═══ Material for the task ═══

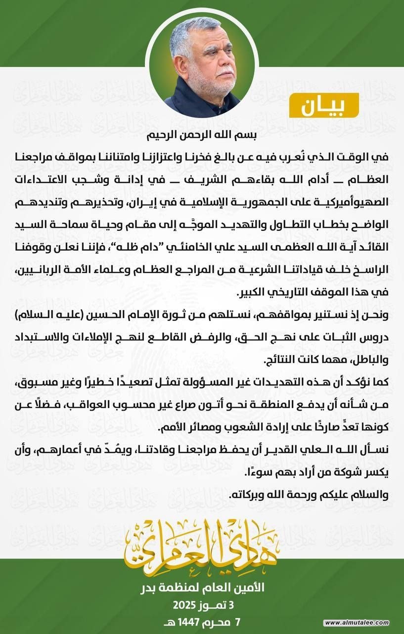 هادی عامری ئەمینداری گشتیی ڕێکخراوی بەدر ئەمڕۆ پێنجشەممە، پشتیوانی تەواوی خۆی لە هەڵوێستەکانی مەرجەعە باڵاکانی ئایینی ڕاگەیاند کە هێرشەکانی زایۆنیستی-ئەمریکییان بۆ سەر ئێران شەرمەزار کرد ونیگەرانی خۆیان لەوتاری هەڕەشەئامێز کە ئاراستەی عەلی خامنەیی ڕێبەری مەزنی شۆڕشی ئیسلامیی ئێرانیان دەربڕی.
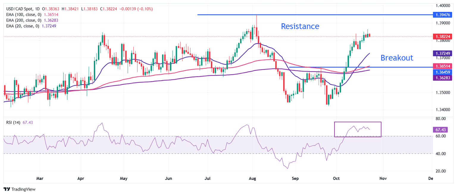 The USD/CAD pair corrects slightly to near 1.3820 in Thursday’s European session after posting a fresh 11-week high above 1.3850 on Wednesday. The Loonie pair has shown a one-sided rally since September 25, which appears to have paused for a while as investors look for fresh cues about the likely monetary policy action by the Bank of Canada (BoC) and the Federal Reserve (Fed) in the remaining year.
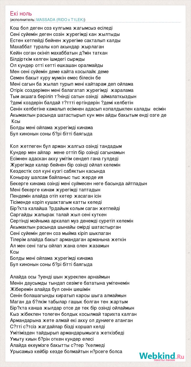 Кош бол деген соз кулгыма жагымсыз есіледі Сені суйемін деген созін журегімді кан жылтыды Естен кетпейді бейнен журегіме сакталып калды Махаббат туралы коп акындар жырлаган Кейін соган окініп махаббатын д?мін таткан Білдірткім келген ішмдегі сырмды Ол кундер отті кетті ешкашан оралмайды Мен сені суйемін деме кайта косылайк деме Семен бакыт куру мумкін емес білесін бе Мені сагын ба жылап турып мені кайтарам деп ойлама Отірік создерімен мені балагатап журегімді жаралама Тым акшага беріліп т?нінді сатын озінді аймалаткыздын ?демі коздерін балдай т?ттті ертіндерін ?демі келбетін Сенін келбетіне камалып есімнен адасып копалдыкпен калады есімін Акымакпын расында шатастырып кун мен айды бакытым енді озге де Ксы Болды мені ойлама журегімді кинама Бул кинонын соны б?рі бітті баягыда Кол жетпеген бул арман жалгыз озінді тандадым Кундер мен айлар мене оттіп бір озінді сагынамын Есімнен адаскан акку умітім сендеп гана гулдеді Журегімде калар бейнен бір озінді ойлап келемін Кездестік сол куні кузгі сабяктын касында Конырау шалсам байланыс тыс жерде ия Бекерге кинама озінді мені суймесен неге басында айтпадын Мені бекерге кинам журегімді таптадын Пендемін алайда отіп кетер жасаган ісін Тісіменде коріп кушактагым катты келеді Бір?кта калайша ?рдайым колым саган жетпейді Саргайды жапырак талай жыл сені куткен Сертінді мойныма аркалап муз денемді суретіп келемін Акымакпын расында шынайы омірді шатастырган Сені суйемін деген соз мыйма кіріп шыкпаган Тілерім алайда бакыт армандаган арманына жеткін Ал мен сені тагы ойлап жана олен жазамын Ксы Болды мені ойлама журегімді кинама Бул кинонын соны б?рі бітті баягыда Алайда осы ?уенді шын журекпен арнаймын Менін даусымды тындап сезімге бататына умітенемін Жіберемін алайда бул сенін шешімін Сенін болашагынды киратып карсы шыга алмаймын Маган да б?лкім табылар гашык болган тен жартым Бір?кта канша жылдар отсе де тек бір озінді ойлаймын Кыз жібекпен толеген болдык косылмай тарихта калган Армандарына жете алмай екі акку ол дуниеге атанган С?тті с?тсіз жагдайлар бізді коршап келді Умітімізден тайдырып армандарымызга жеткізбеді Умыту киын б?рін откен кундер елесі Алайда екеумізге бакытты с?тер ?келмеді Урысамыз кейбір кезде болмайтын н?рсеге болса
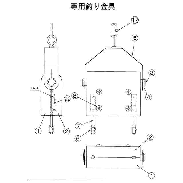 専用釣り金具 専用釣り金具でシャフト3にロープ7を巻きつけてブロック1と2を合わせて止めビス8で止めロープ収納します。板バネ29はロープ7が専用金具5の内部での絡み防止するための、弱い板バネ29が取り付けられています。
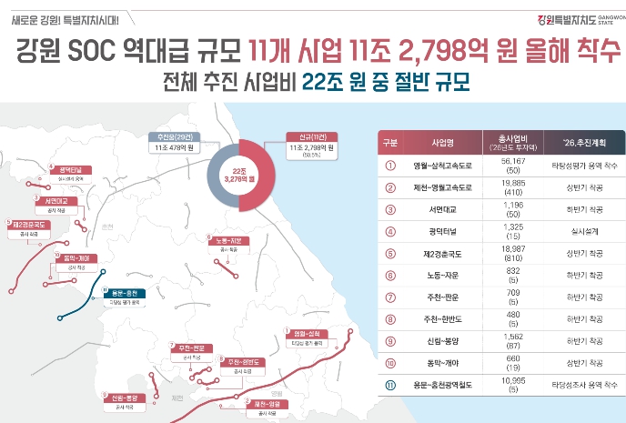 김진태 지사는 “강원도의 SOC 사업이 순항 중인 가운데, 올해 대형 SOC 사업 11개가 총 11조 원 규모로 착수된다”며, “이미 추진 중인 사업만 해도 29개, 11조 원에 달한다”고 밝혔다.
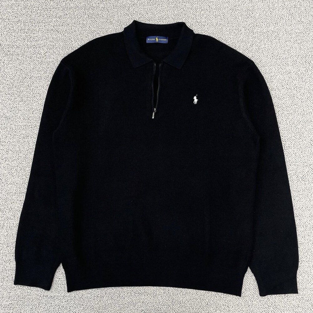 폴로 블랙 카라 반집업 니트
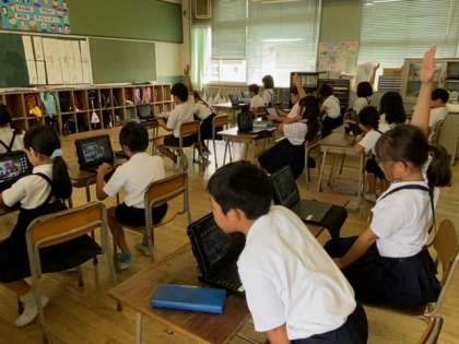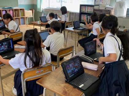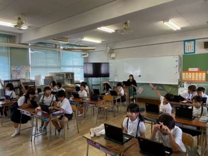 2組では、子どもたちがタブレット端末で、先生とつながる練習をしていました。
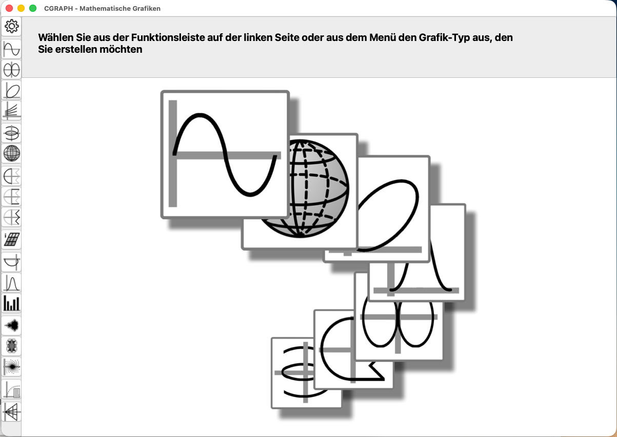Wenn CGRAPH gestartet wird, zeigt es das folgende Bild. Auf der linken Seite findet sich die Funktionenleiste, über die Grafiken erstellt werden können. Ebenso kann dafür das Menü benutzt werden. Unter Windows findet es sich am oberen Rand des CGRAPH-Fensters, unter macOS wird es am oberen Bildschirmrand dargestellt.
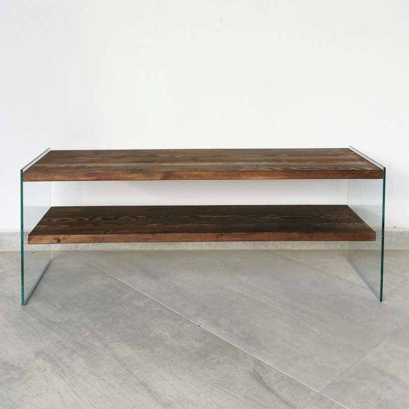Extravagantný SKLENENENÝ konferenčný stolík so sklenenými bočnicami a policou.
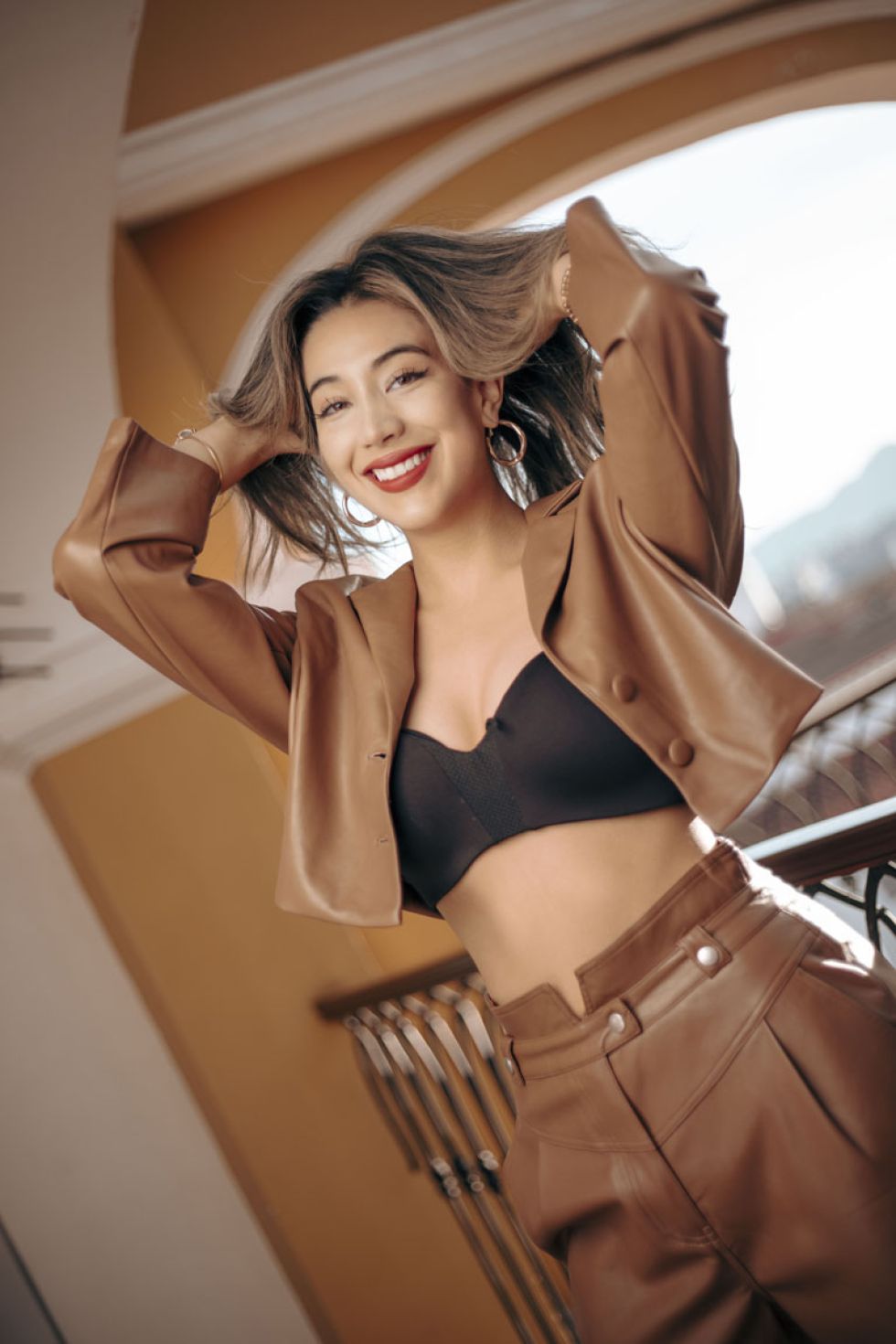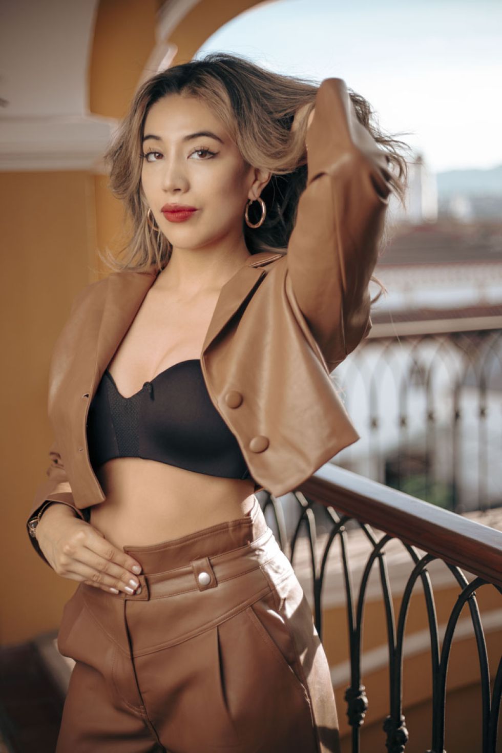 Presenta las nuevas tendencias para esta temporada que se viene Otoño - Invierno 2024. Los materiales son parte de la moda, como el conjunto de cuero vinil / vinil piel, con saco crop y pantalón con pinzas, high waisted.

═══

Please reproduce the entries above exactly, from their first line to the line holding "The USD/CAD pair" inclusive, and nothing else; the pictures stay out.

§ **Solved exercise**:
 هادی عامری ئەمینداری گشتیی ڕێکخراوی بەدر ئەمڕۆ پێنجشەممە، پشتیوانی تەواوی خۆی لە هەڵوێستەکانی مەرجەعە باڵاکانی ئایینی ڕاگەیاند کە هێرشەکانی زایۆنیستی-ئەمریکییان بۆ سەر ئێران شەرمەزار کرد ونیگەرانی خۆیان لەوتاری هەڕەشەئامێز کە ئاراستەی عەلی خامنەیی ڕێبەری مەزنی شۆڕشی ئیسلامیی ئێرانیان دەربڕی.
 The USD/CAD pair corrects slightly to near 1.3820 in Thursday’s European session after posting a fresh 11-week high above 1.3850 on Wednesday. The Loonie pair has shown a one-sided rally since September 25, which appears to have paused for a while as investors look for fresh cues about the likely monetary policy action by the Bank of Canada (BoC) and the Federal Reserve (Fed) in the remaining year.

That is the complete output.